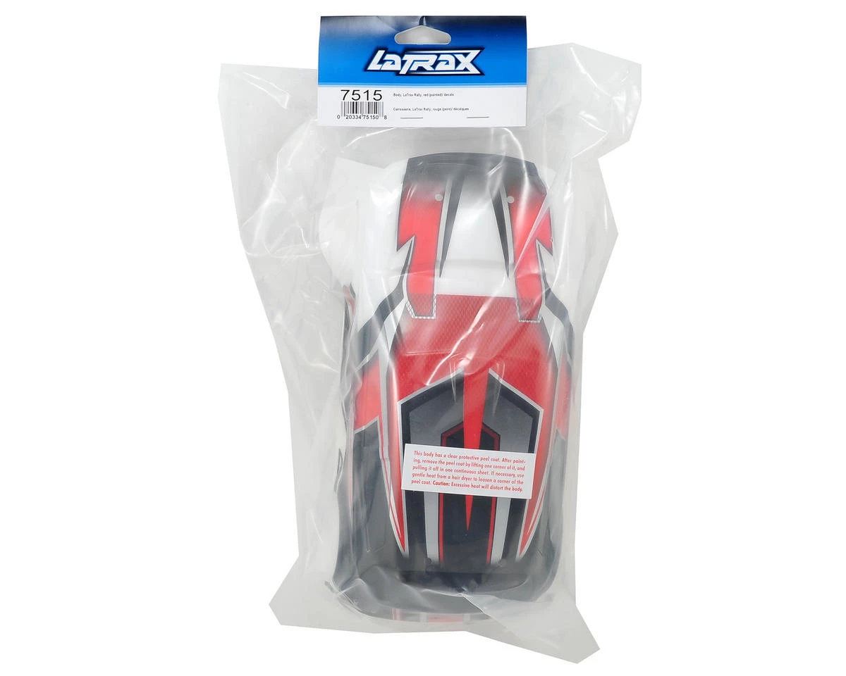 This is a replacement red LaTrax 1/18 Rally Body. This tough, rally-inspired body design is prepainted, precut and features cutting edge graphics, with detailed window and grill decals to finish it off.
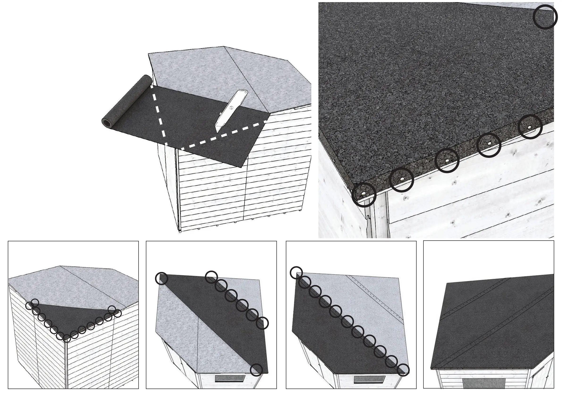 Project Timber Corner Shed - 16. Measure and Cut 3 Lengths of Felt to be Roof Length + 140 Mm; 17. Fit 1 St Felt Strip; 18. Fit 2 Nd Felt Strip; 19. Fit the 3 Rd Felt Strip
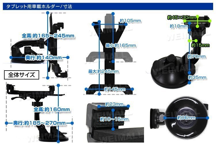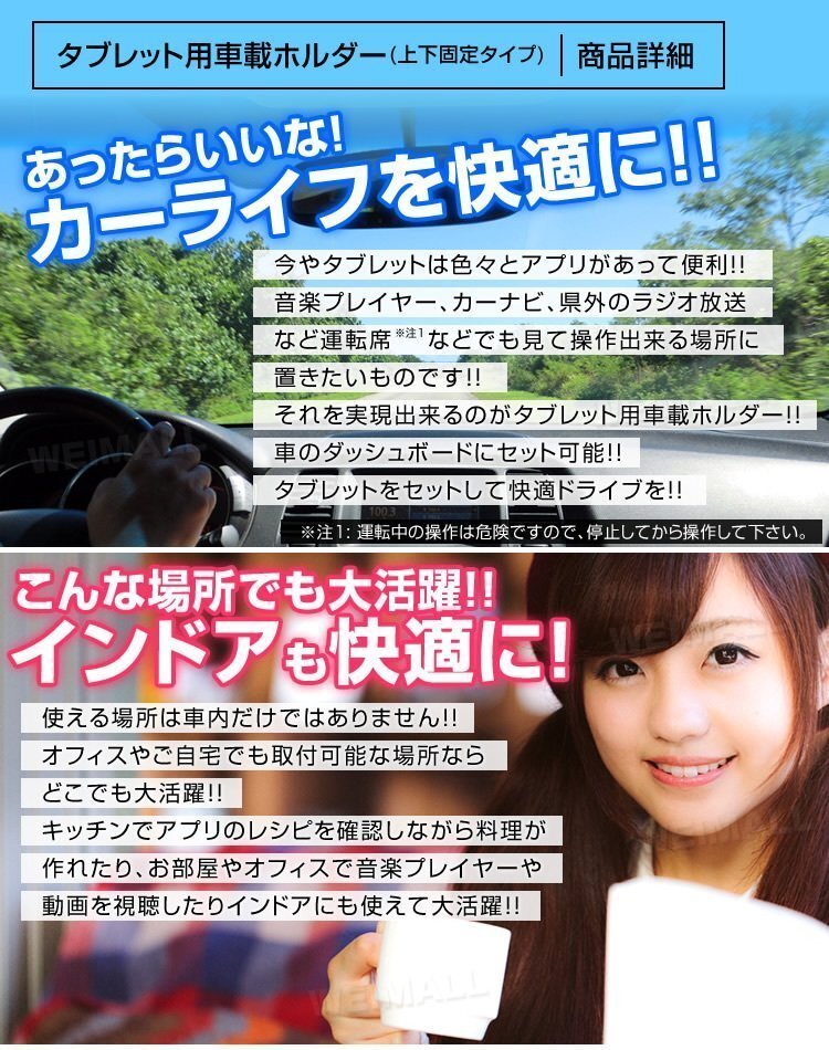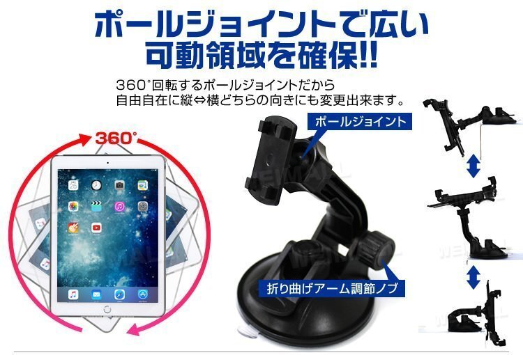 タブレット用 車載ホルダー 吸盤タイプ 上下固定 角度調節 360度回転可能 |

━━━

**WORK TO BE COMPLETED:**
Drop the images, then copy the data exactly.

**EXERCISE OUTPUT:**
 This is a replacement red LaTrax 1/18 Rally Body. This tough, rally-inspired body design is prepainted, precut and features cutting edge graphics, with detailed window and grill decals to finish it off.
 Project Timber Corner Shed - 16. Measure and Cut 3 Lengths of Felt to be Roof Length + 140 Mm; 17. Fit 1 St Felt Strip; 18. Fit 2 Nd Felt Strip; 19. Fit the 3 Rd Felt Strip
 タブレット用 車載ホルダー 吸盤タイプ 上下固定 角度調節 360度回転可能 |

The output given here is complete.